• **Assignment**:
Your copy should start at the line with "最後の3-6のメニュー、これ" and end at the line with "Unit 5 - Codes" in the data below. Transcribe only those lines, exactly, pictures excluded.

• **Records to use**:

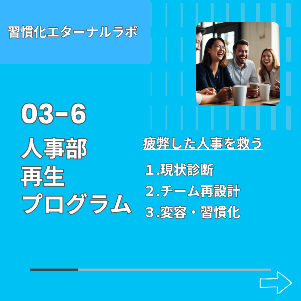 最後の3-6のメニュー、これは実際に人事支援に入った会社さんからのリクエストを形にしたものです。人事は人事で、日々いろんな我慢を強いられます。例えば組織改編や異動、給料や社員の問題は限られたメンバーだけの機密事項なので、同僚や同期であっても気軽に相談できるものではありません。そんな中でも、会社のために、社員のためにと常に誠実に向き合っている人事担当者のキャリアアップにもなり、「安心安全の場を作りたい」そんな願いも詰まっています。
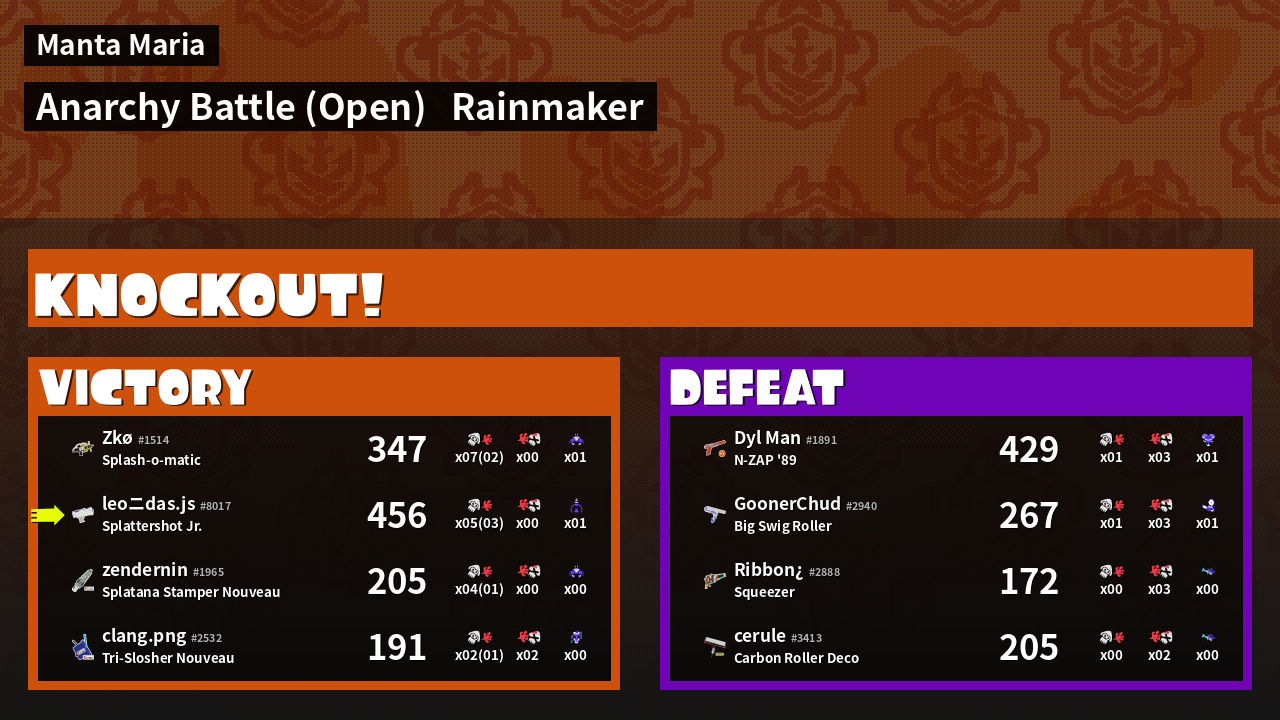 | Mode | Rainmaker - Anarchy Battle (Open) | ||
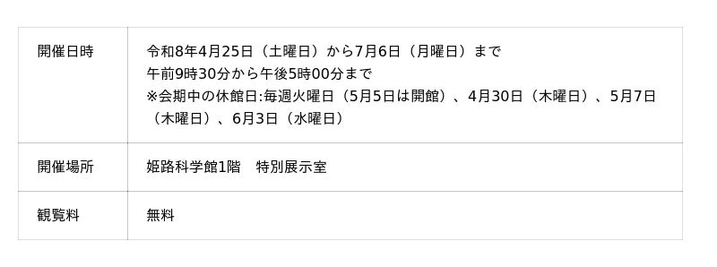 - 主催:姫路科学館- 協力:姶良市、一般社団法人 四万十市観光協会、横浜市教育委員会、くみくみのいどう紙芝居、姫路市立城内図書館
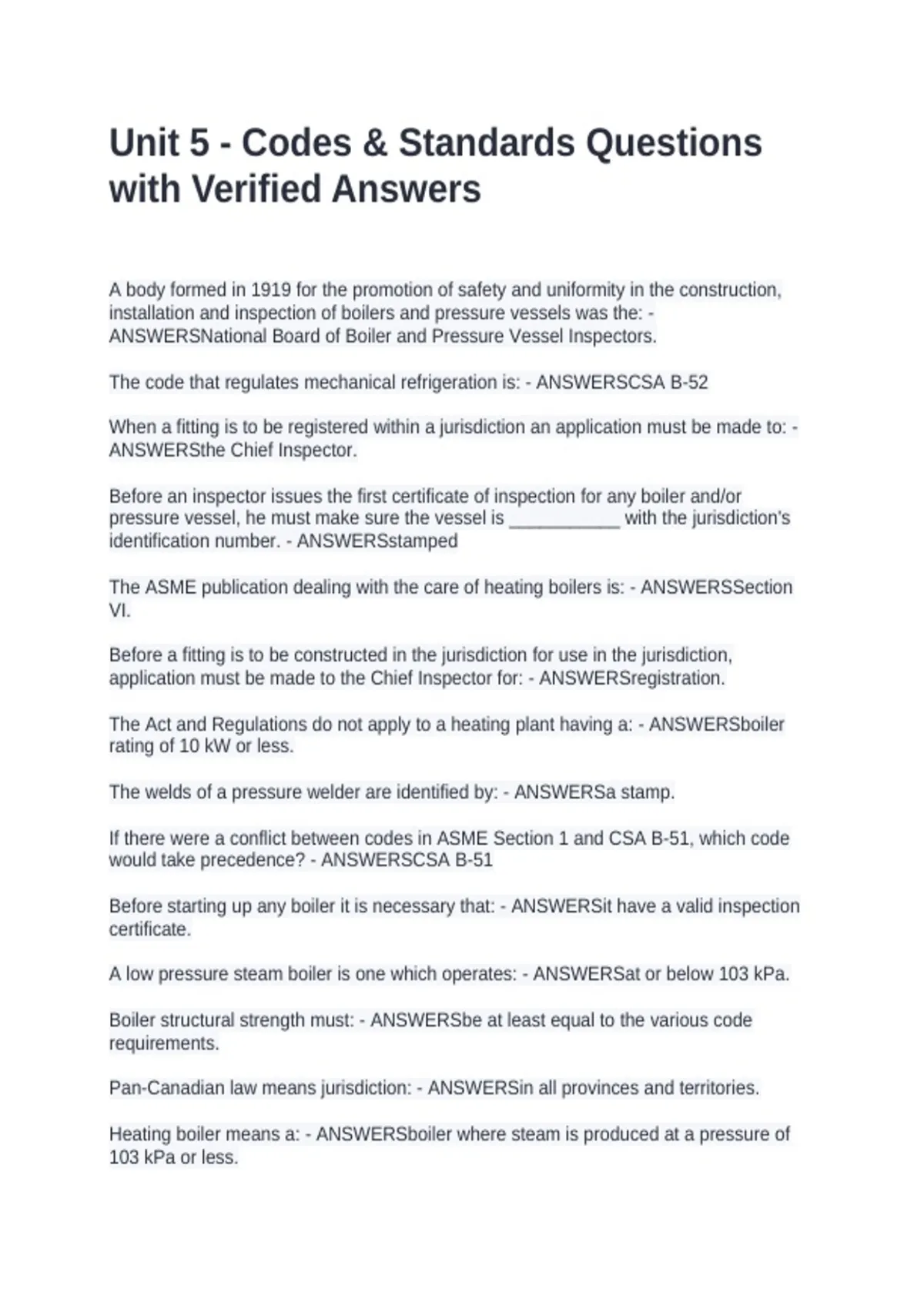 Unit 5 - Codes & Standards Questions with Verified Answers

...

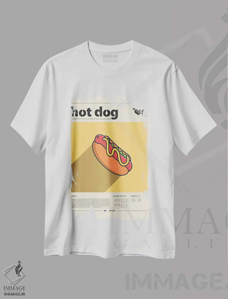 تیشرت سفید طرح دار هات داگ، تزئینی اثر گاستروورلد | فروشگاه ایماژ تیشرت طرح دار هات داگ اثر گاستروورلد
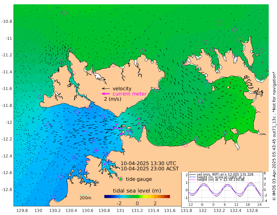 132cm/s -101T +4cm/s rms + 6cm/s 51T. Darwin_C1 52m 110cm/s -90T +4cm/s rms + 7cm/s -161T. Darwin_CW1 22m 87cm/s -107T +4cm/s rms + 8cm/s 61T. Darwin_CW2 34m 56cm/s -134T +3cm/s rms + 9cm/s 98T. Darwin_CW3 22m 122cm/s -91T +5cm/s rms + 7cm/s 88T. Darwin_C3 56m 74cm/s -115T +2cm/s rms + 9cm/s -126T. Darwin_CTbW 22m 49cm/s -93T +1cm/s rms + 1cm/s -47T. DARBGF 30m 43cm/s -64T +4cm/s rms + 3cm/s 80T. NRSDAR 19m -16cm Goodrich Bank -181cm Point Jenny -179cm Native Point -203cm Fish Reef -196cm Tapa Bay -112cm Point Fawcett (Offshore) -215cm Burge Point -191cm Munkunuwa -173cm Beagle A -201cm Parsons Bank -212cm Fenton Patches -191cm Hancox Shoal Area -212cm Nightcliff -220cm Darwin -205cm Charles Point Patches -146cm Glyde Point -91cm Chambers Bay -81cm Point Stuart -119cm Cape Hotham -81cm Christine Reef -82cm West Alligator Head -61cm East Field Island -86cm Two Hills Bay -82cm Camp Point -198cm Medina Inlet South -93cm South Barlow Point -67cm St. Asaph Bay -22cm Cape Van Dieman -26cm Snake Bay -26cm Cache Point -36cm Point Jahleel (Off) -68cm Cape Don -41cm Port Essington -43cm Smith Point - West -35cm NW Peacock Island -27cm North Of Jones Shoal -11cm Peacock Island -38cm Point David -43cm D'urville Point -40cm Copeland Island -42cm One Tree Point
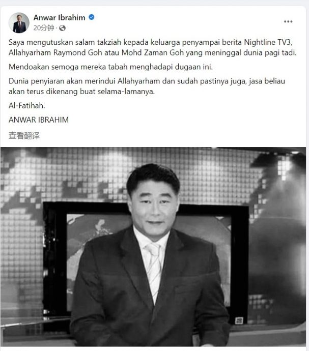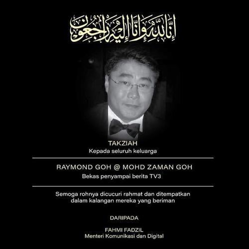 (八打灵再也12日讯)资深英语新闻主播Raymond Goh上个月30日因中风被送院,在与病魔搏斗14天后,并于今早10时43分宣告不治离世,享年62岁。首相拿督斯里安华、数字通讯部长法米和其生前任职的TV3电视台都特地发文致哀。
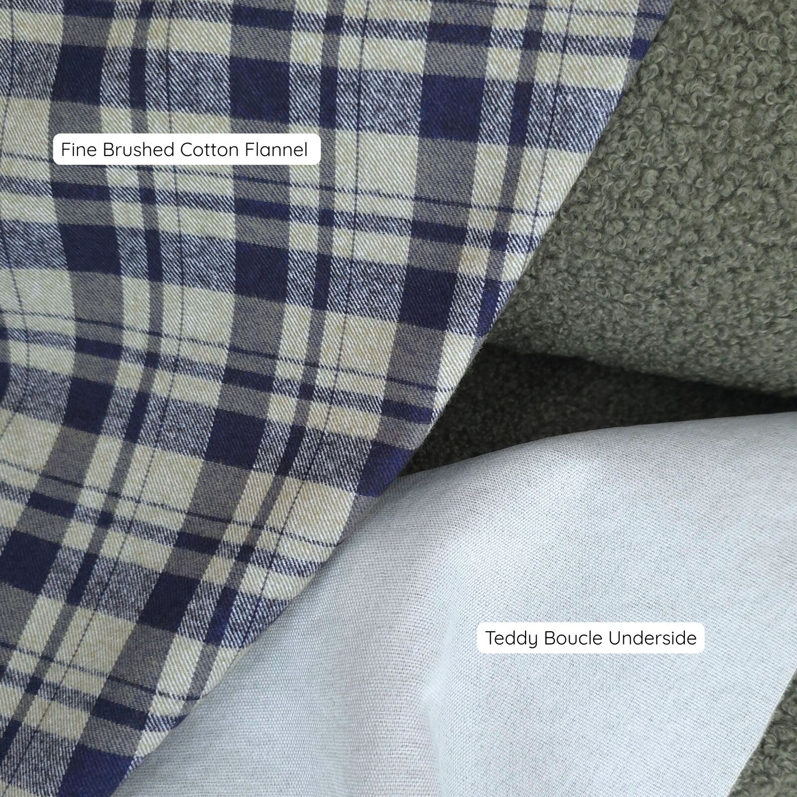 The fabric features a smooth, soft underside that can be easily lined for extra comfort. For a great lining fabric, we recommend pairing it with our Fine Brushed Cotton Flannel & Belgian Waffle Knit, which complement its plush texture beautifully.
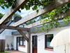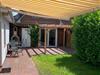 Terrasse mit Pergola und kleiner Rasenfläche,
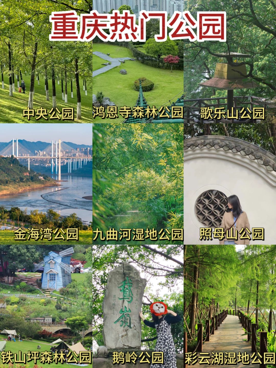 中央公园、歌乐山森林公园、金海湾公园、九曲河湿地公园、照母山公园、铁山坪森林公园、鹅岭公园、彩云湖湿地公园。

• **Exercise output**:
 最後の3-6のメニュー、これは実際に人事支援に入った会社さんからのリクエストを形にしたものです。人事は人事で、日々いろんな我慢を強いられます。例えば組織改編や異動、給料や社員の問題は限られたメンバーだけの機密事項なので、同僚や同期であっても気軽に相談できるものではありません。そんな中でも、会社のために、社員のためにと常に誠実に向き合っている人事担当者のキャリアアップにもなり、「安心安全の場を作りたい」そんな願いも詰まっています。
 | Mode | Rainmaker - Anarchy Battle (Open) | ||
 - 主催:姫路科学館- 協力:姶良市、一般社団法人 四万十市観光協会、横浜市教育委員会、くみくみのいどう紙芝居、姫路市立城内図書館
 Unit 5 - Codes & Standards Questions with Verified Answers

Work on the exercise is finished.